The news that some municipal officials and Tehran City councillors had profited from corrupt land deals and reduced mortgages emerged after a group of hardliner politicians complained about the “astronomical” salaries of some high government officials. Tehran’s Mayor, Mohammad Bagher Ghalibaf, announced that he would order an investigation into  the salaries. The so-called “astronomical properties case” is now under investigation by Iran’s General Inspection Organization.

Ghalibaf also wrote a letter to the head of the judiciary, demanding that those who were responsible for reporting on the scandal be prosecuted.

Among those named in the disclosures are five principalist members of Tehran’s City Council, a deputy mayor and a city council advisor. Now the mayor finds himself at the center of a widely-reported corruption case, which, in addition to implicating the seven prominent individuals, also raises speculation about 100 legal entities and around 150 senior municipal officials based outside city government.

The reformist newspaper Shargh and the website Memari News had both reported that on August 8, the General Inspection Organization wrote to Mohammad Javad Shushtari, director-general of the mayor’s office, submitting a detailed report about the land deals. The letter points to the illegal nature of the land sales to a large number of high-level city officials, members of the city council, a number of representatives to parliament and other individuals connected to other local governments outside Tehran. It stated that all the listed parties had benefited from significant discounts on housing and land deals — discounts that were ordered from the mayor himself.

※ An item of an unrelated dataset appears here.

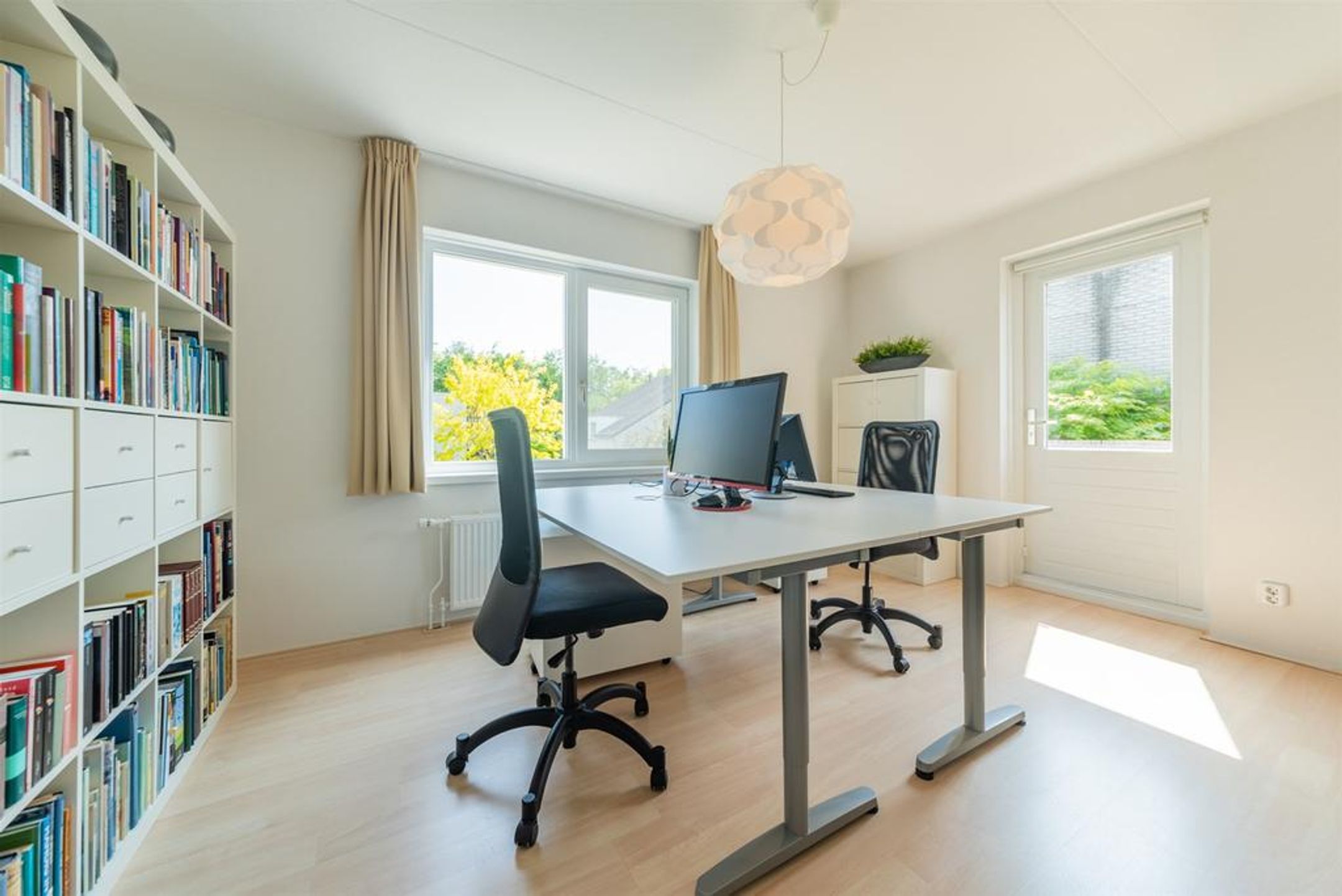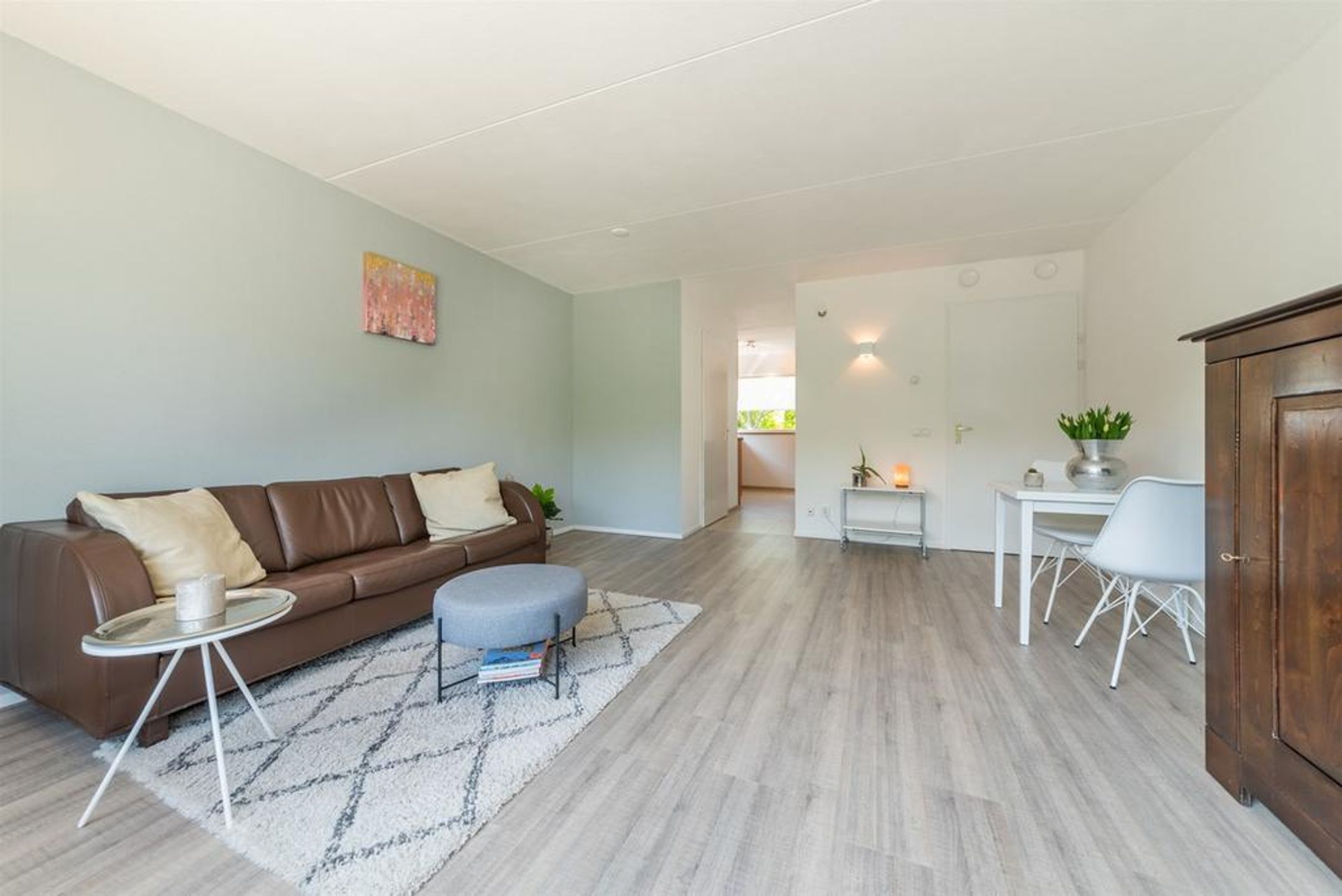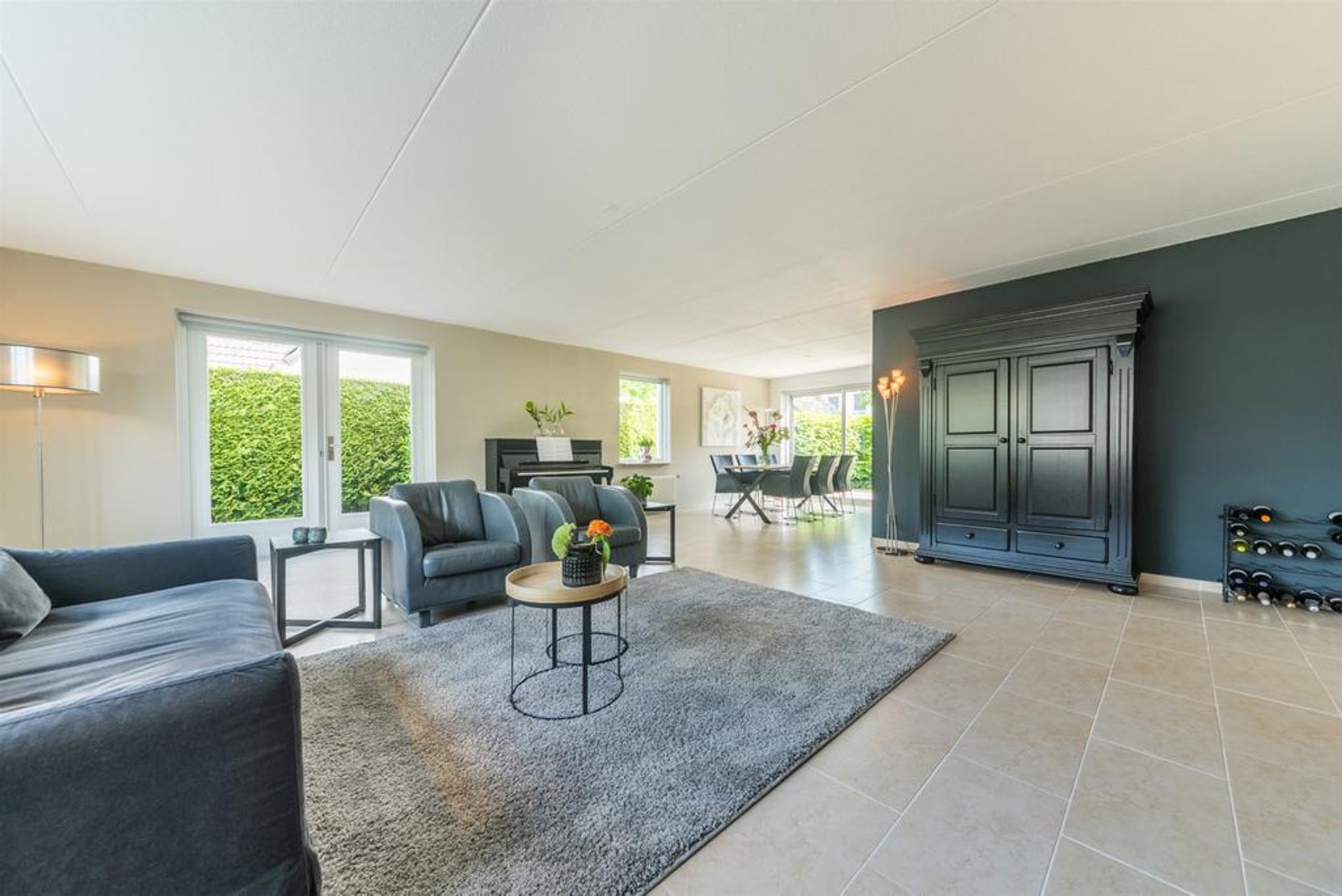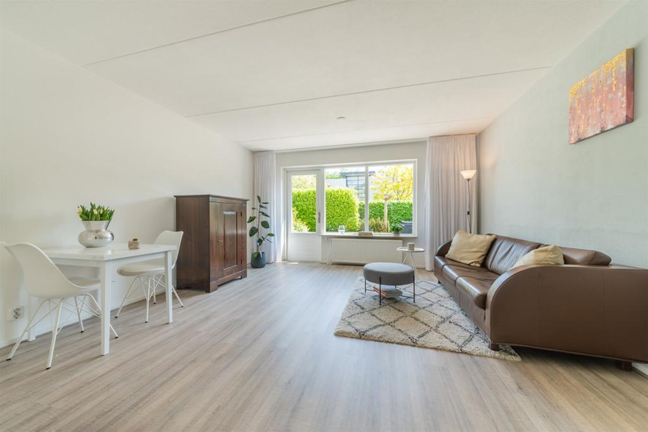 Op de vloer van de tuingerichte living ligt een fraai laminaat. Het grote raampartij voorzien van deur biedt zicht en toegang tot de achtertuin.

The letter outlined that, based on the price of around $640 per square meter — a price which would be even higher for the more expensive neighborhoods of Tehran — more than $700 million had been squandered.

Considering the mayor’s alleged involvement in the scheme, the arrest of Sadra Mohaghegh and Yashar Soltani seem to be a direct retaliation for recent reports. Regardless of any official charges, the journalists have annoyed one of Iran’s most influential politicians, and they are paying for it.